At the end of August 2012, Tate & Lyle Sugars launched a third legal claim for damages against the European Commission for alleged ‘mismanagement of the European Union’s sugar market’. Tate & Lyle Sugars (now owned by American Sugar Refiners) claim that the EC’s management of the current EU sugar regime is ‘putting the entire cane refining sector at risk’.
Tate & Lyle Sugars’ claim lays responsibility for under-utilisation (60–70%) of its refining capacity in the UK and Portugal at the door of ‘EU sugar policy mismanagement’. The company maintains that it warned the EC as early as 2006 about the potential shortages that would arise for raw cane sugar refiners, ‘but the Commission failed to respond accordingly’. It also claims that the EC has violated regulatory stipulations which require ‘any additional, out-of-quota sugar imports’ to be raw cane sugar, by also allowing imports of refined sugar.

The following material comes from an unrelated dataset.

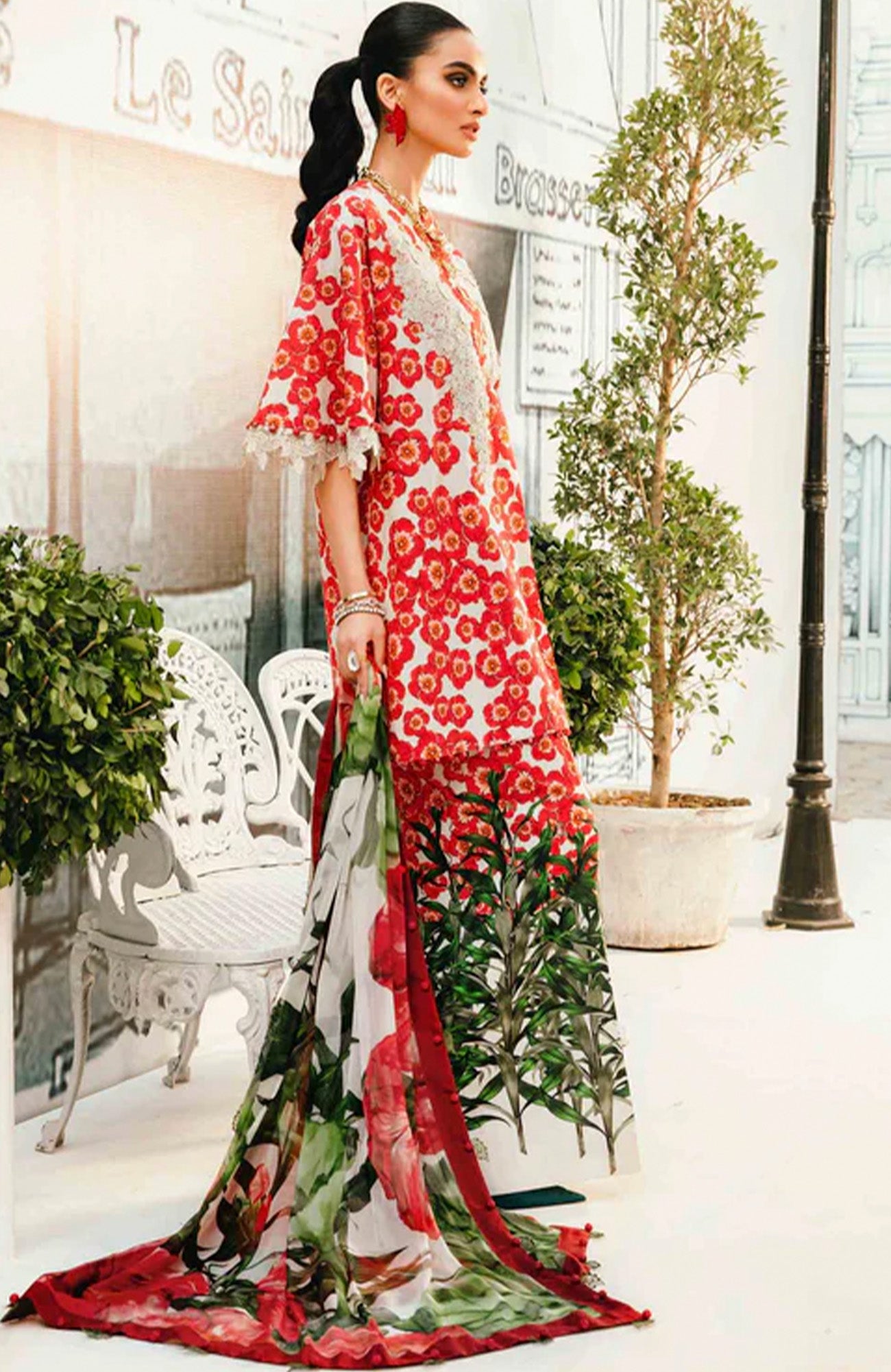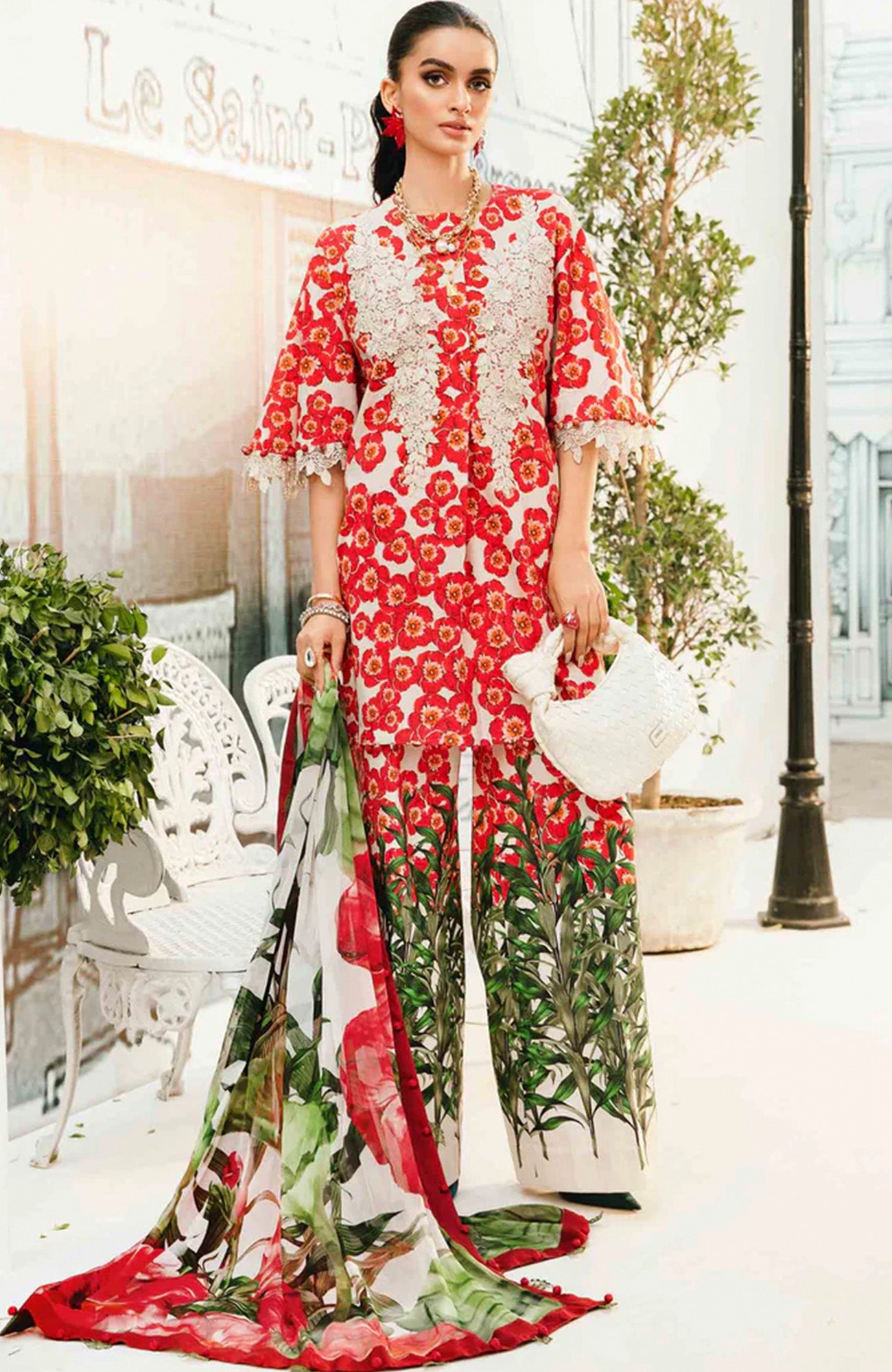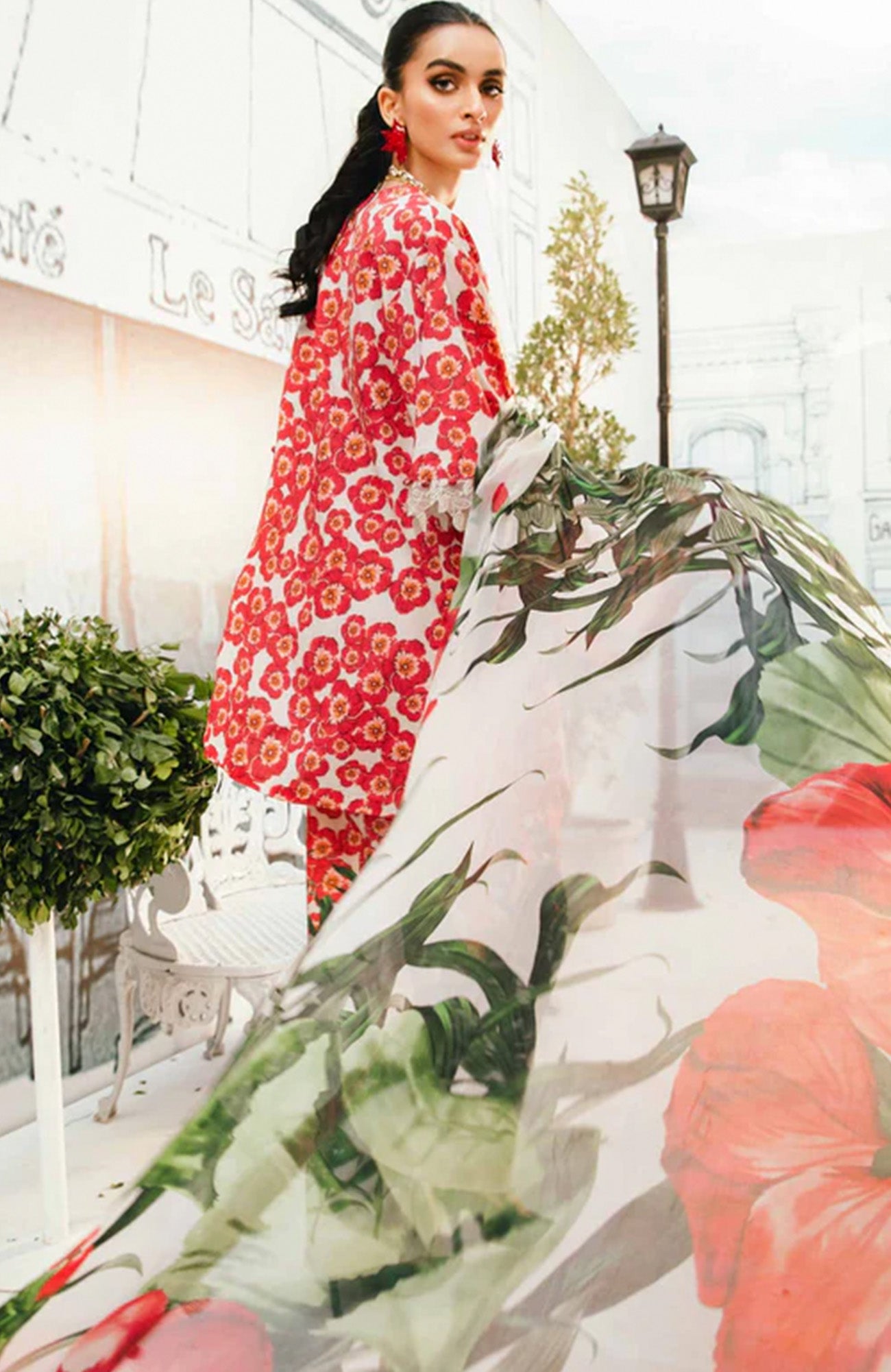 DESCRIPTION:ShirtPrinted Lawn ShirtEmbroidered Neckline With 3D MotifsEmbroidered PattiTrousersPrinted Cambric TrousersDupattaPrinted Chiffon Dupatta

The most recent complaint concerns ‘the European Commission’s management of the European sugar market during spring and early summer 2012. Two earlier complaints contested the Commission’s decisions impacting the sugar sector in the 2010-11 marketing year and the period November 2011 to January 2012.’
Under its three complaints, Tate & Lyle Sugars are ‘claiming damages worth €198 million’. The EC has until the end of October 2012 to respond to the initial complaint. An EC spokesperson maintains that ‘the regulations contested by Tate and Lyle represent a balanced policy towards the sugar market.’ Tate & Lyle Sugars’ action comes against the background of calls from food product manufacturers for the EC to ‘either increase quotas and/or allow food manufacturers to import sugar tariff-free from the world market’.
During the UK House of Lords’ deliberations on the future of the EU sugar regime, Tate & Lyle Sugars laid out the background to their claims for damages (see Agritrade articles ‘ The future of EU sugar production quotas’, 23 September 2012 and ‘ Industrial users set out their views on sugar reform against backdrop of...’, 9 September 2012). The House of Lords in its final report observed that ‘the Commission has at least attempted to balance the interests of the beet production and cane refining industries’ and must continue to do so ‘in a timely and transparent manner’.
The policy changes introduced through the EU’s sugar reform process have had very different effects on the relative competitiveness of traditional raw cane sugar refiners and beet sugar refiners. This is in part linked to the agreed reform of import licensing arrangements, which broadened out the right to import raw sugar beyond traditional raw cane sugar refiners. With beet refiners investing in plant modifications – which, according to Tate & Lyle’s oral submission to the UK House of Lords Committee hearing, added ‘some 1.85 million tonnes of new refining capacity’, traditional cane sugar refiners faced intensified competition from these new co-refiners for supplies of imported raw sugar. With co-refiners in a financial position to offer better prices for raw cane sugar (since their capital costs are covered by their beet processing operations), it is argued that these reforms and the EC’s management of the EU sugar regime have contributed to the widely divergent financial performances of traditional cane sugar refiners and co-refining beef processing companies.
While the UK House of Lords Committee’s report argued that ‘the Commission has at least attempted to balance the interests of the beet production and cane refining industries,’ the serious financial problems faced by traditional raw cane sugar refiners are likely to increase pressure on the European Commission to review its management of the sugar regime and to level the playing field between traditional raw cane sugar refiners and beet co-refiners. During the House of Lords hearings, the president of Tate and Lyle Sugars argued that ‘if national [production] quotas remain, traditional cane refiners should also have a national quota’ (i.e. preferred priority access to imported raw sugar under duty-free, quota-free and reduced duty sugar trade arrangements), but that ‘if quotas are abolished, our access to raw material should be unrestricted.’
On the basis of price developments since November 2010 (see Agritrade article ‘ USDA highlights impact of sugar price volatility on ACP exporters and tr...’, 25 November 2012) it seems likely any broadening of duty-free or reduced-tariff access for non-ACP sugar in line with the calls made by Tate & Lyle Sugars could potentially have an impact on the commercial position of ACP sugar exporters in contract negotiations with EU importers.